His work regularly appeared in and on the cover of major journals. Yet he was in a field that was moving faster than the journals could help facilitate. He took matters into his own hands by publishing the articles on the laboratory’s site, almost always violating the licensing terms of his own work (rights now held by Elsevier or AAAS, not the author). I asked about the legality what we were doing and was told not to worry. If the journals didn’t like him bending or breaking the law he’d publish elsewhere and it would be their loss.

As far as I know the publishers understood the bargain and never complained. Unfortunately this sort of non-aggression pact is available only to a select few. Your average untenured neuroscience professor doesn’t have the luxury of pissing off Science or Nature.

But for those of us interested in meta-analysis–these questions about questions that people like Aaron and myself are forced to pursue from basement wiring cabinets, scraping large swaths of text from the web–the hobbled and clunky tools for downloading PDFs through research library proxy servers, one poorly OCR’ed page at a time, simply do not work.

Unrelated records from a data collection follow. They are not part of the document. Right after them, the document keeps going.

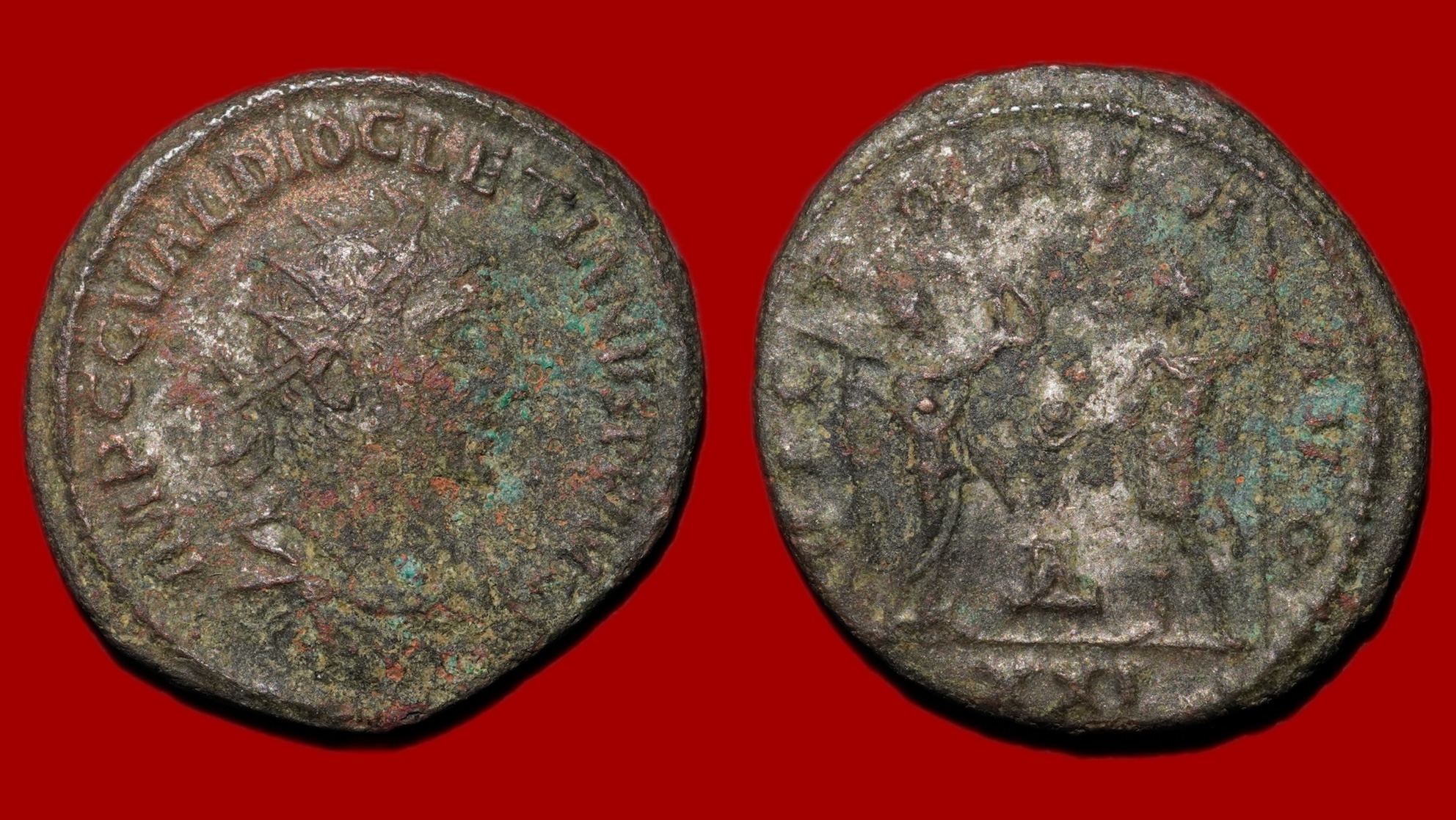 Revers : Victoire debout à gauche, face à Dioclétien, à droite. Victoire tenant une palme, couronnant l’Empereur. Ce dernier, tient un sceptre et un globe / VICTORIA AVGG – XXI
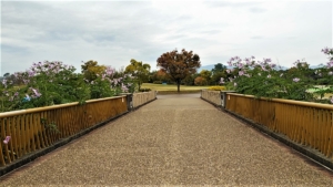 🔹 橋の手前から右手に下りていくと、集いの丘の東裾に広がる「馬見花壇」北エリア
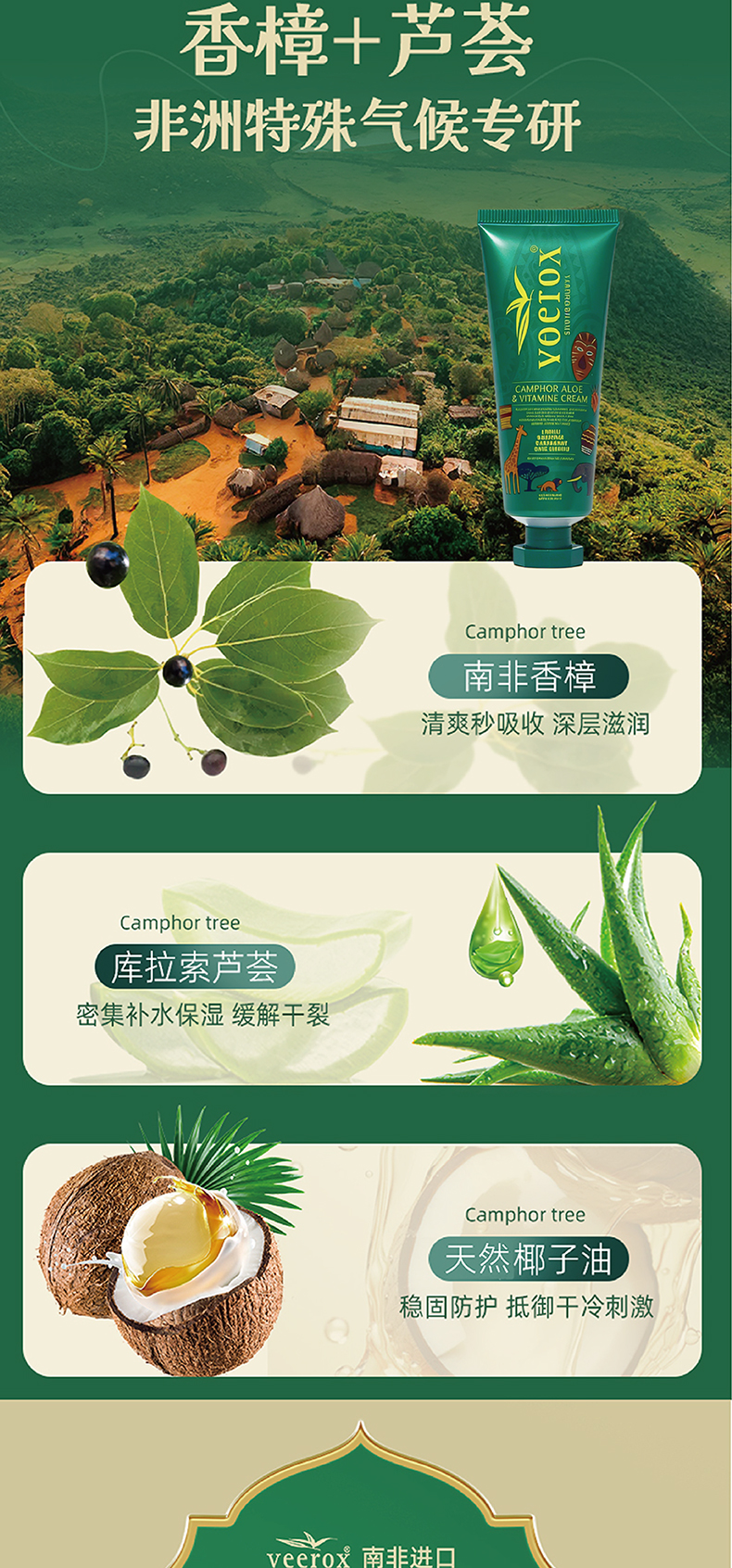 南非进口 Veerox 韦林适 草本香樟修护小绿膏 50mL 软管便携

That said, it’s unclear what Swartz’s intentions for his scraped JSTOR content was. Some folks, including the FBI, have made the claim he was planning to redistribute the data. Others have pointed to his past research analyzing influence in academic writing. I have no insight into his real intentions, however, I do believe the latter goal is important and likely not possible without breaking the kinds of laws discussed above.

Also, it’s true that JSTOR does now offer a bulk interface for research users. That interface didn’t exist when I was doing my work. But it’s not clear it would have made any difference. There are many, many research applications, including mine, that are still not possible with approved means of accessing data. This essentially means that if you want to understand the collaborative nature of a specific field or follow the trajectory of and idea across disciplines, a reference librarian can’t help you. Instead, you have to become a felon.

What’s missing from the news articles about Swartz’s arrest is a realization that the methods of collection and analysis he’s used are exactly what makes companies like Google valuable to its shareholders and its users. The difference is that Google can throw the weight of its name behind its scrapers, just as my former boss used his name to set the terms with those publishing his work.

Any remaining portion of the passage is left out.